Yeah, every once in awhile we'd get a brick that still had a lot of sticky red hairs -- that was a time for celebration.

Speaking of the 70s, one of my younger friends took one look at the joints I rolled and said "Dude, 70s torpedo!"...

I hit him with my cane.


----------



## kgp (Jun 2, 2013)

My buddy found a stash of a hundred or so seeds labeled redbud. He thinks they are from the 70's. not too sure, they are old though for sure. We were going to try and germ them for the hell of it... Who knows if one or two may actually pop. I blast from the past. Either way its gonna be fun trying and in reality, that's what it's all about. Well for me anyway. Peace!


----------



## beans davis (Jun 2, 2013)

Columbians are unexcelled for contemplation,but there's nothing like good old Mexican for laughter and sociability.​


----------



## Jogro (Jun 3, 2013)

althor said:


> If you have been smoking shit all year long and then you get something that isn't shit (like columbian gold) you get 10x higher than you expect and all of a sudden you think it is the greatest thing ever grown. When in fact, it is just much better than absolute shit, but still *nowhere near as good as today's bu*d.


Obviously, most of the stuff being imported in bulk into the USA in the 1960s and 70s was schwagg, and the schwagg from the 1970s was, if anything "schwaggier" because it wasn't hand manicured, leafier, and full of stems and ceeds. So I agree with the first part of that. 

As to the second part, the question here, I think, is just how does the BEST of the outdoor grown stuff from the 1970s compare to the stuff around today. 

Fortunately, we don't have to "guess" or even rely on hazy smoke-filled memories from the '70s. Many of the classic 1970s strains are still around, people are still growing them, and with the advent of lab-based testing its possible to do OBJECTIVE comparisons against modern hybrid strains. Also note that he really best of stuff from the 70s was seedless (ie "sinsemilla"), so it was more comparable in appearance and quality to what's grown today.

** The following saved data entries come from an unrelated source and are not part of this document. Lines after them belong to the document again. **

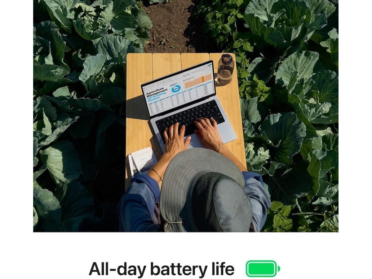 • OPPTIL 24 TIMERS BATTERITID(1) – 14-tommers MacBook Pro har den samme utrolige ytelsen – uansett om den drives av batteriet eller er koblet til strøm.
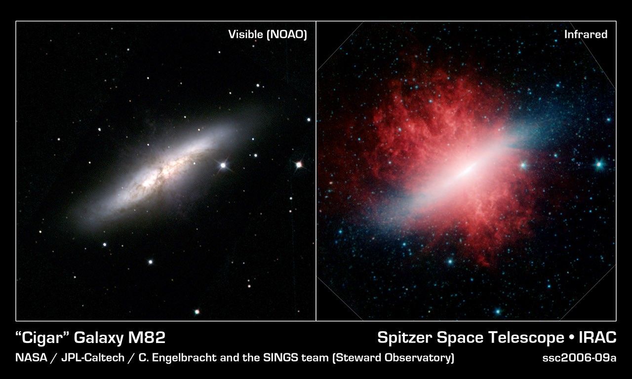 The visible-light picture of Messier 82, shows only a bar of light against a dark patch of space. Longer exposures of the galaxy (not pictured here) have revealed cone-shaped clouds of hot gas above and below the galaxy's plane. It took Spitzer's three sensitive instruments to show that the galaxy is also surrounded by a huge, hidden halo of smoky dust (red in infrared image).
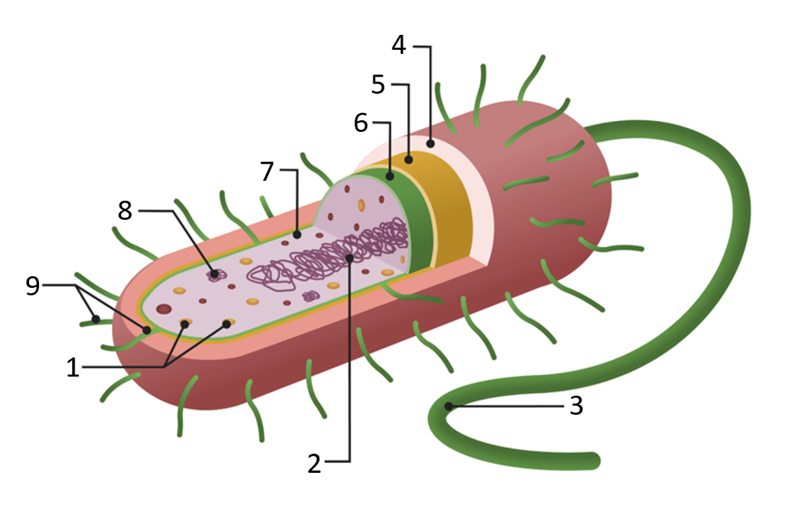Укажите номер, которым на рисунке показана муреиновая клеточная стенка.
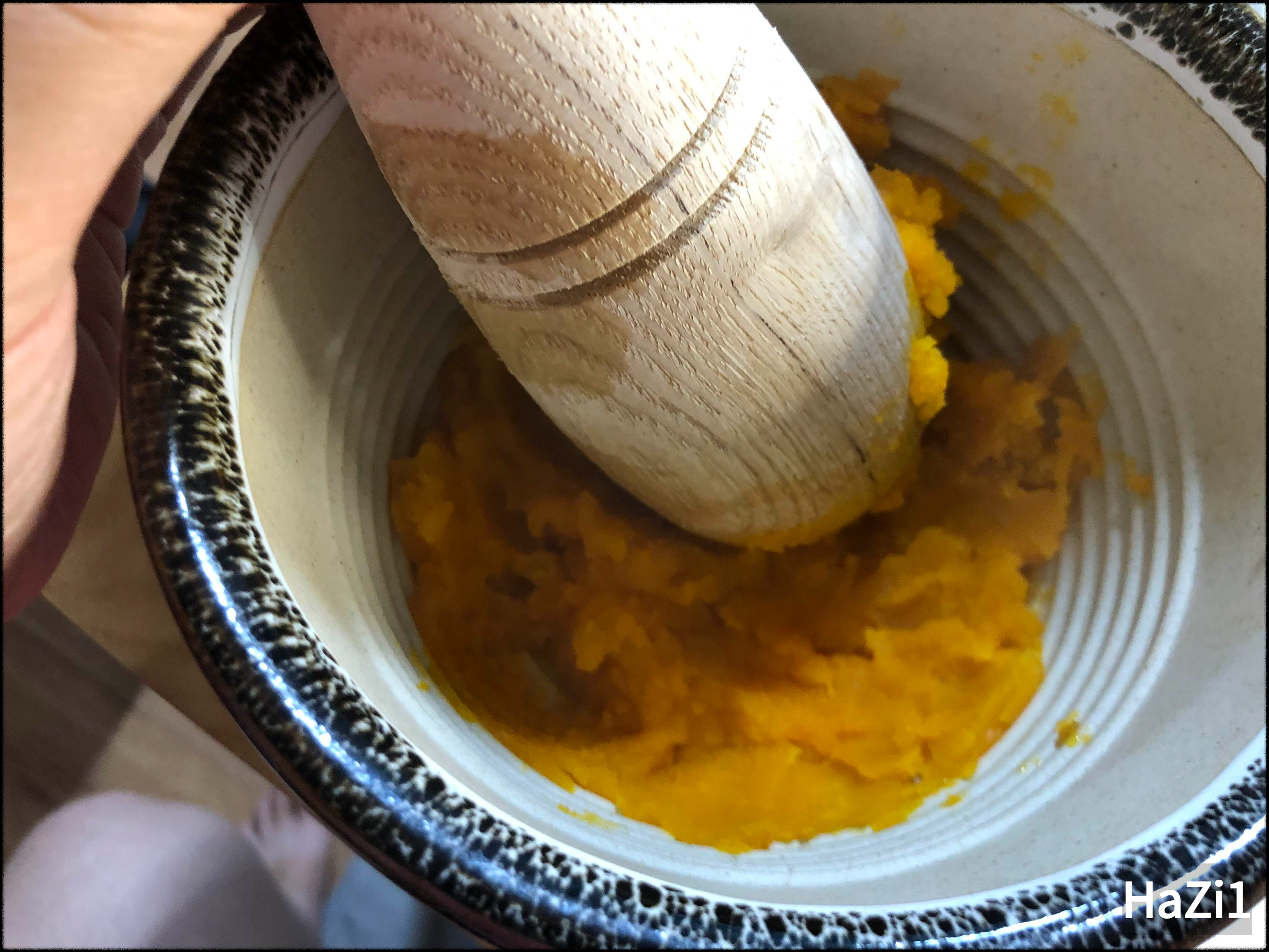 다 찐 단호박도 절구에 빻아줍니다

Not surprisingly to people who actually smoked these back in the day, if you do the comparison, you can see why the "famous" name strains from the 1970s were famous. . .they actually do hold their own. They may not be easy to grow indoors under lights, but grown right, the BEST of the 70s era genetics seem to be every bit as good as the better stuff grown today. Don't take my word for it. Here's some published test results on recent grows of classic "name" 70s era strains being sold at dispensaries in CA:

Highland Thai: 22% THC
http://www.scanalytical.com/index.php?option=com_scl_tested&task=sample&Itemid=359&sample=130417L018

Panama red: 23% THC
http://www.delta9seattle.org/menu/flower/panama-red/#!lightbox/0/

Maui Wowie: 18-22% THC
http://www.scanalytical.com/index.php?option=com_scl_tested&task=sample&Itemid=359&sample=130507W009
http://www.scanalytical.com/index.php?option=com_scl_tested&task=sample&Itemid=359&sample=130521S009

Jamaican Lamb's "bread" ("breath"): 15-22% THC
http://www.scanalytical.com/index.php?option=com_scl_tested&task=sample&Itemid=359&sample=120116R006
http://www.scanalytical.com/index.php?option=com_scl_tested&task=sample&Itemid=359&sample=130409V036
http://www.scanalytical.com/index.php?option=com_scl_tested&task=sample&Itemid=359&sample=130426X027
http://www.scanalytical.com/index.php?option=com_scl_tested&task=sample&Itemid=359&sample=130528U008

Durban Poison 16-22% THC 
This African strain wasn't readily available to American smokers in the 1970s, but the line definitely goes back there. 
http://www.scanalytical.com/index.php?option=com_scl_tested&task=sample&Itemid=359&sample=121114U004
http://www.scanalytical.com/index.php?option=com_scl_tested&task=sample&Itemid=359&sample=121212P001
http://www.scanalytical.com/index.php?option=com_scl_tested&task=sample&Itemid=359&sample=130207K018

Acapulco Gold 12-25.5%(!!) THC
http://www.scanalytical.com/index.php?option=com_scl_tested&task=sample&Itemid=359&sample=130123T003
http://www.scanalytical.com/index.php?option=com_scl_tested&task=sample&Itemid=359&sample=121105R030
http://www.scanalytical.com/index.php?option=com_scl_tested&task=sample&Itemid=359&sample=121105R030
http://www.scanalytical.com/index.php?option=com_scl_tested&task=sample&Itemid=359&sample=121016J029

Maybe the older lines aren't QUITE as strong as the absolutely most potent of "clone only" lines that can test in the high 20s, but IMO anything getting into the 20% THC range is still pretty damn strong, and at 22% as good (if not better than) most of the "OGs" and other modern hybrid strains that people rave about. 

The outdoor lines are also inbred, stable, tend to have at least medium yields, and if grown in their native environments pest and disease resistant; things that probably can't be said about many of the super "elite" strains.


----------



## Jogro (Jun 3, 2013)

kgp said:


> My buddy found a stash of a hundred or so seeds labeled redbud. He thinks they are from the 70's. not too sure, they are old though for sure. We were going to try and germ them for the hell of it... Who knows if one or two may actually pop. I blast from the past. Either way its gonna be fun trying and in reality, that's what it's all about. Well for me anyway. Peace!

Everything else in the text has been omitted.